Among the lines of the listing below, retype exactly those from the one containing "Confirm the target" through the one containing "RESULT LABHLAXMI GLAD THURSDAY WEEKLY LOTTERY 21.11.2024 Leave", both included. Do not include pictures.
--- START ---
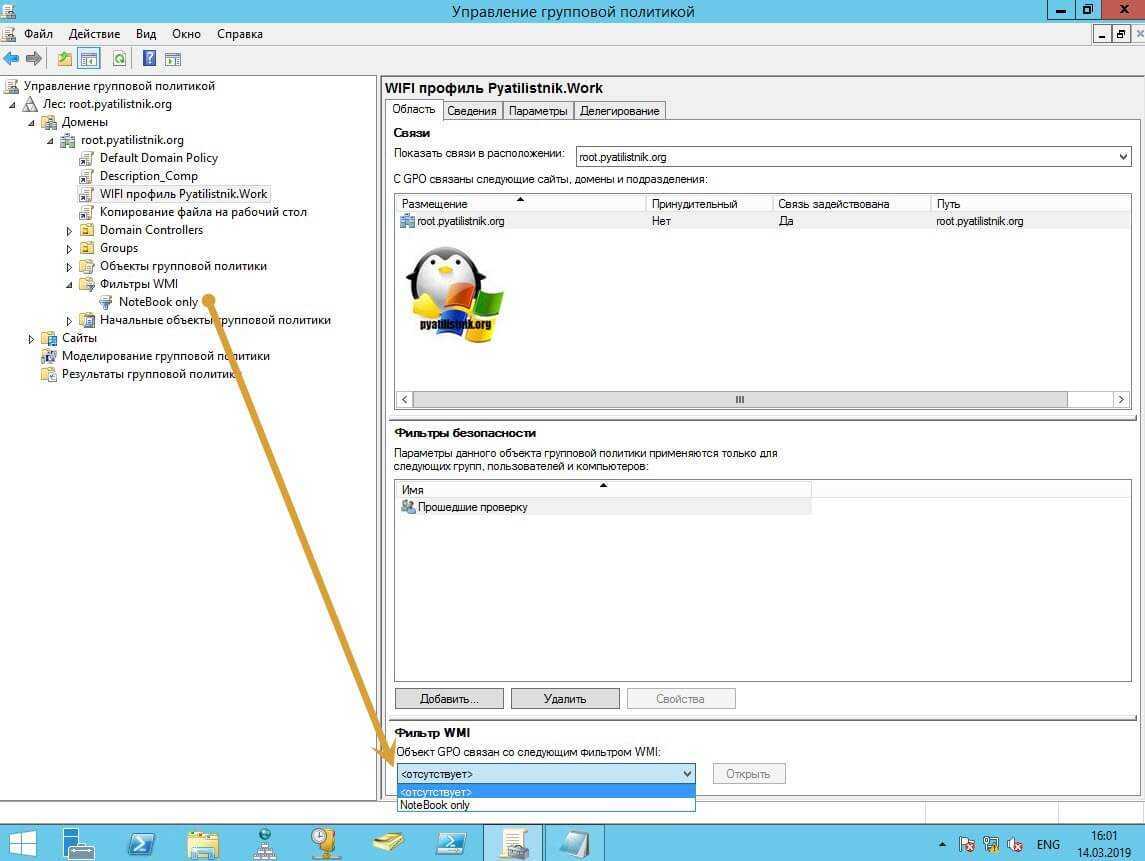 Для этого в самом низу в пункте «Объект GPO связан со следующим фильтром WMI» и из всплывающего списка выберите созданный ранее фильтр.
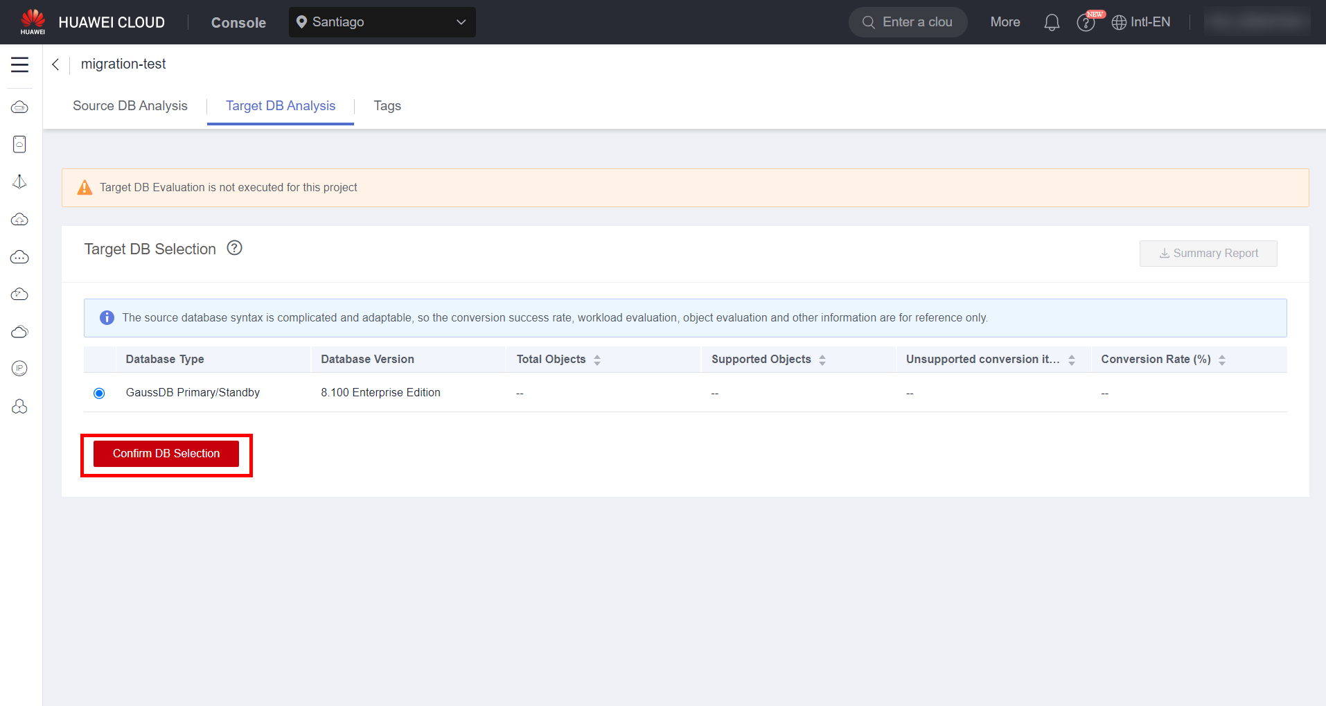 Confirm the target database engine and click “Confirm DB Selection”.
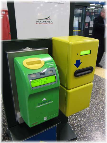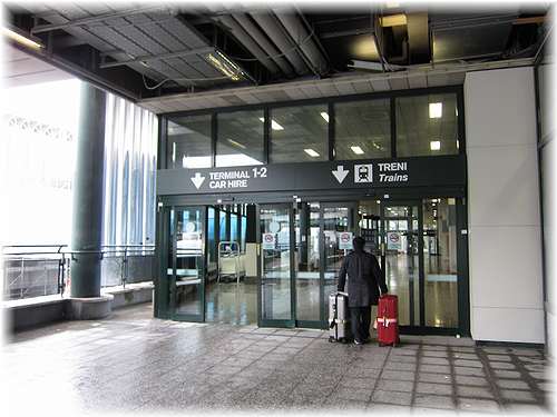 マルペンサエクスプレスが到着したホームに一番近い出入り口は裏口にあたります。
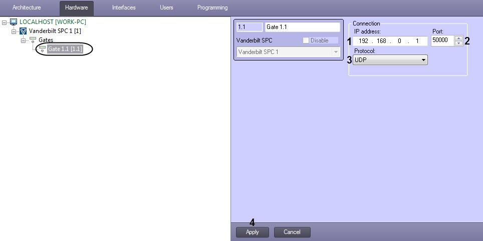 - Go to the Gate object setup panel, which is created on the base of the Vanderbilt SPC object.
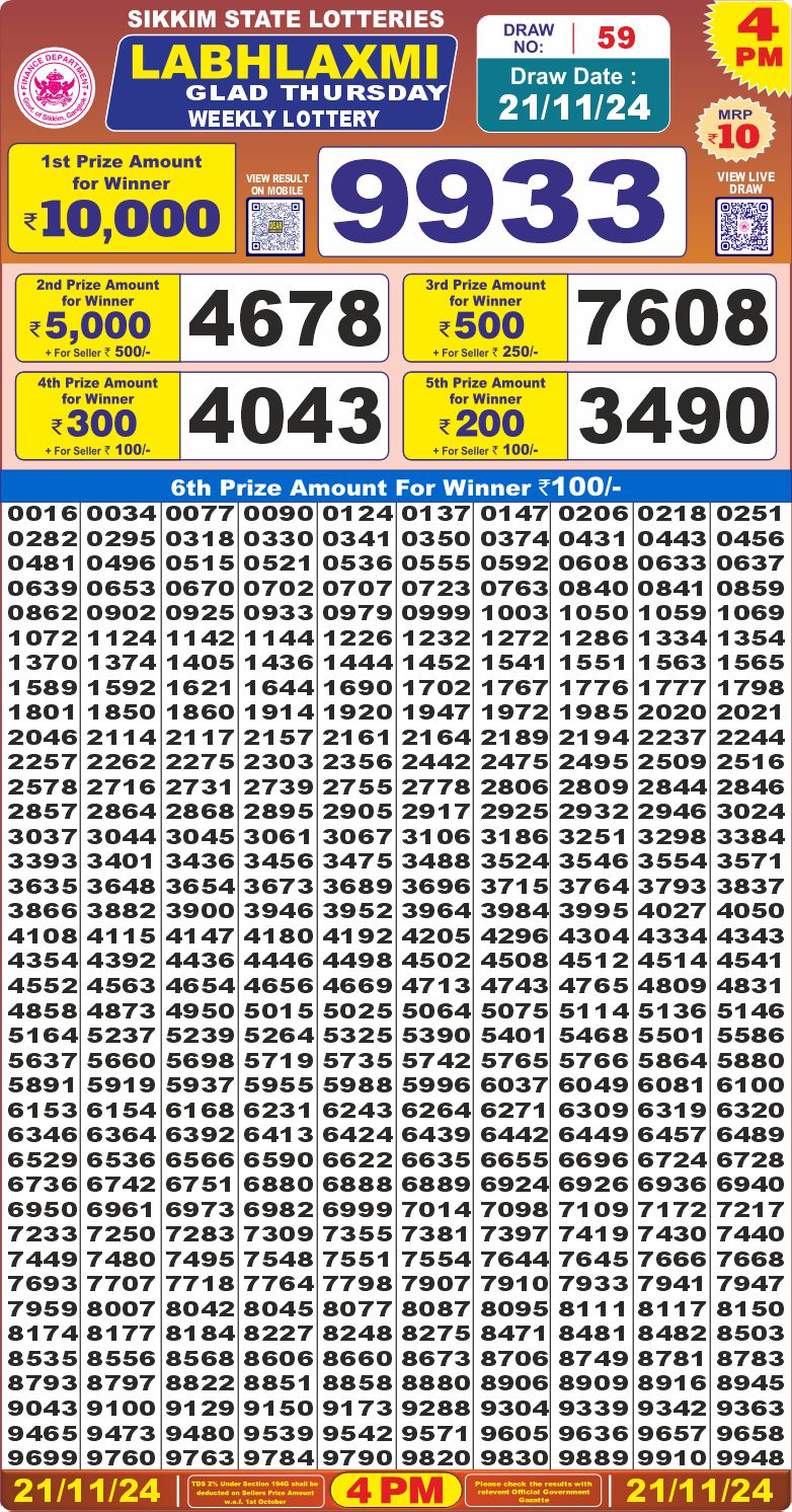 RESULT LABHLAXMI GLAD THURSDAY WEEKLY LOTTERY 21.11.2024 Leave a Comment on RESULT LABHLAXMI GLAD THURSDAY WEEKLY LOTTERY 21.11.2024 Share: XFacebookPinterestRedditVKDiggLinkedinMix
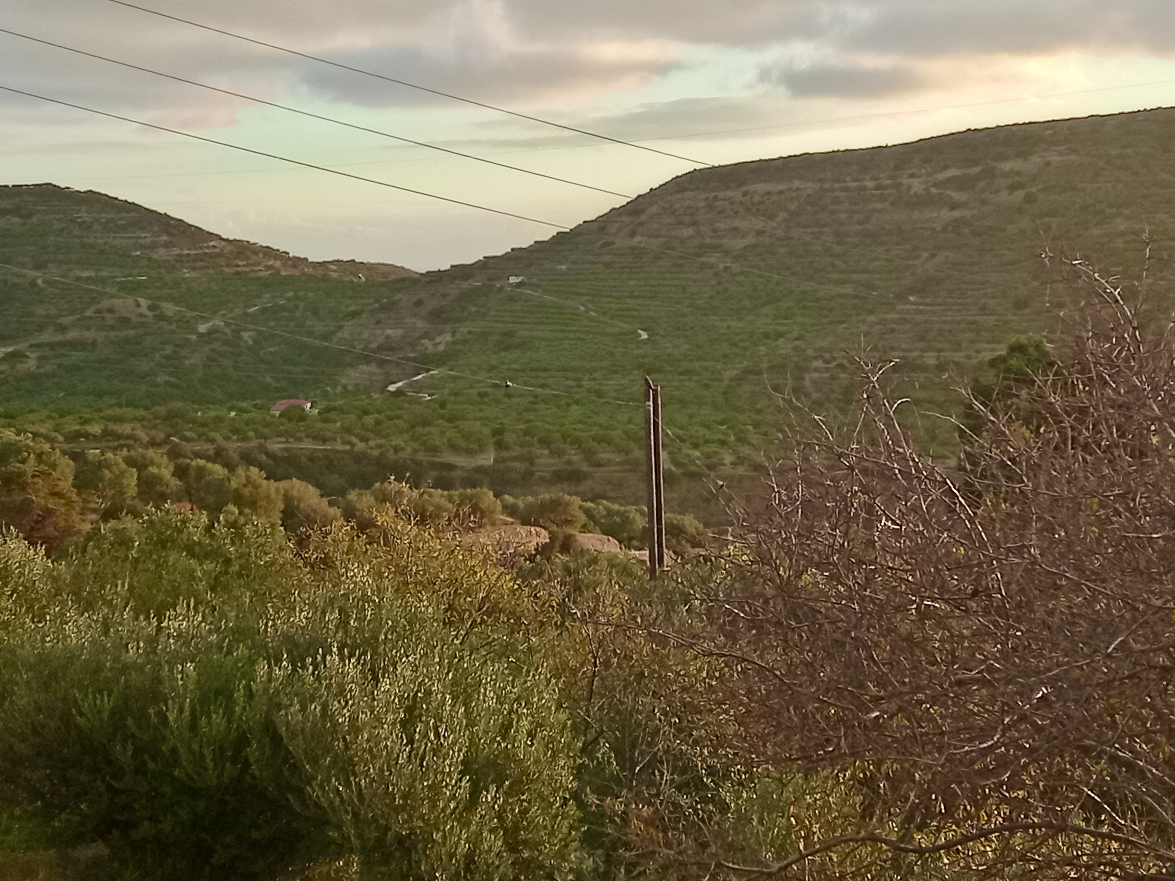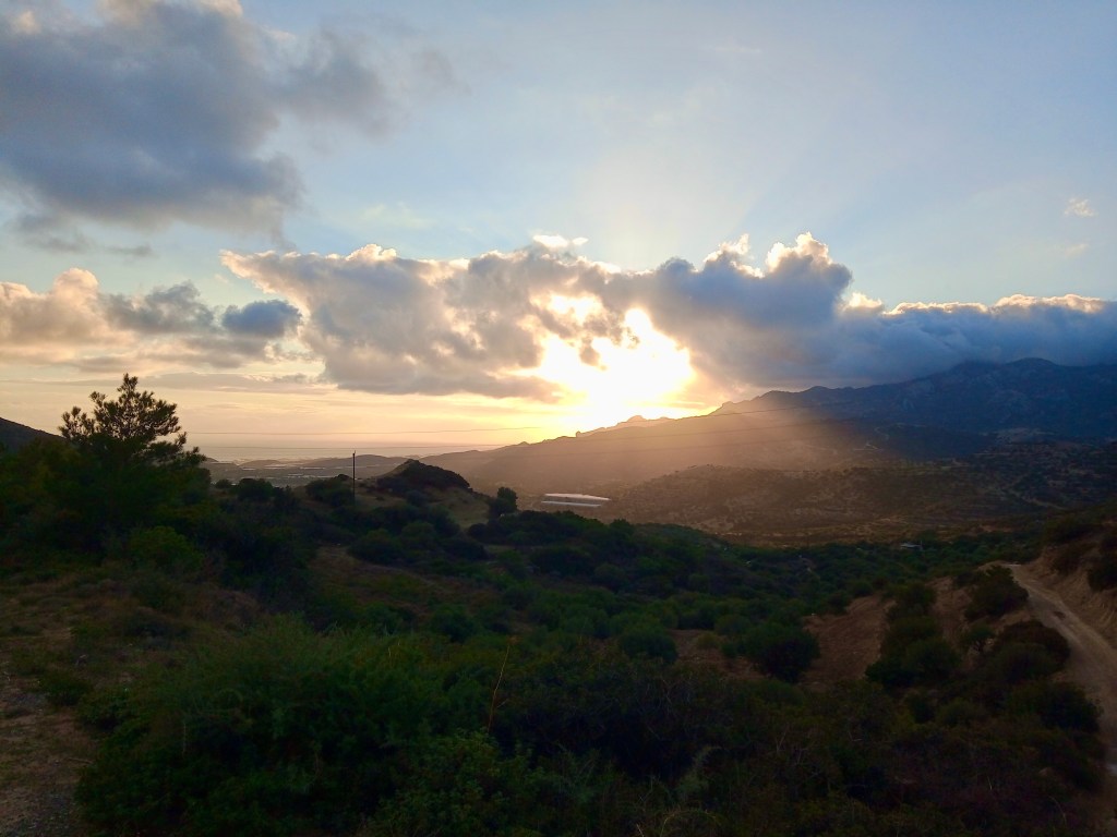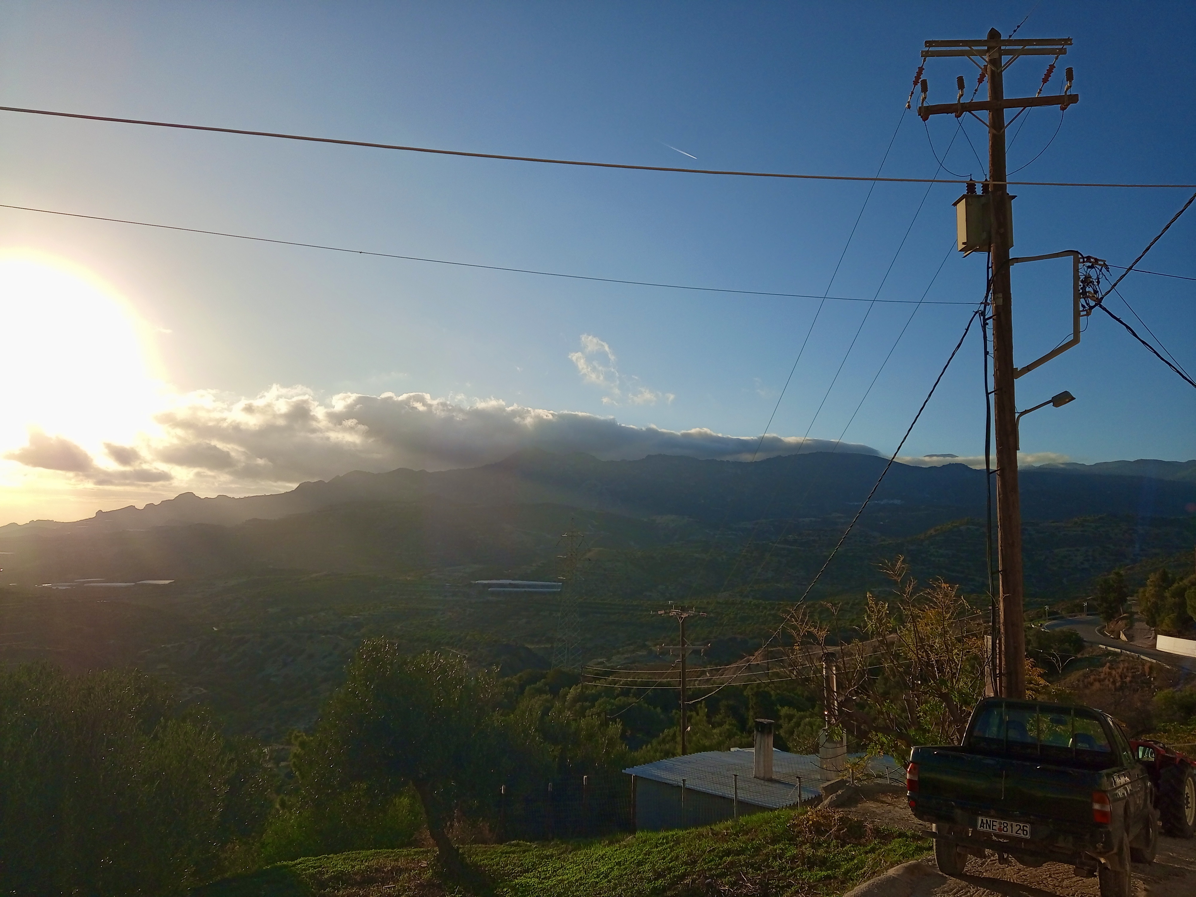 Last evening we went for a 45 minute walk up the lane towards Meseleri just before sunset. Some of the photos below (and the one at the top of this post) were taken during that walk. After a cloudless day we marvelled at the cumulus gathering over the hills bordering the Lasithi Plateau, which are clearly visible twenty kilometres or so across the valley to the west of us. The late afternoon sun’s rays streamed through them to give us a tableau that would have inspired Turner to put paint to canvas, although no artist could do as good a job as the Great One, really.
--- END ---
▸ **RESPONSE TO THE EXERCISE**
 Confirm the target database engine and click “Confirm DB Selection”.
 マルペンサエクスプレスが到着したホームに一番近い出入り口は裏口にあたります。
 - Go to the Gate object setup panel, which is created on the base of the Vanderbilt SPC object.
 RESULT LABHLAXMI GLAD THURSDAY WEEKLY LOTTERY 21.11.2024 Leave a Comment on RESULT LABHLAXMI GLAD THURSDAY WEEKLY LOTTERY 21.11.2024 Share: XFacebookPinterestRedditVKDiggLinkedinMix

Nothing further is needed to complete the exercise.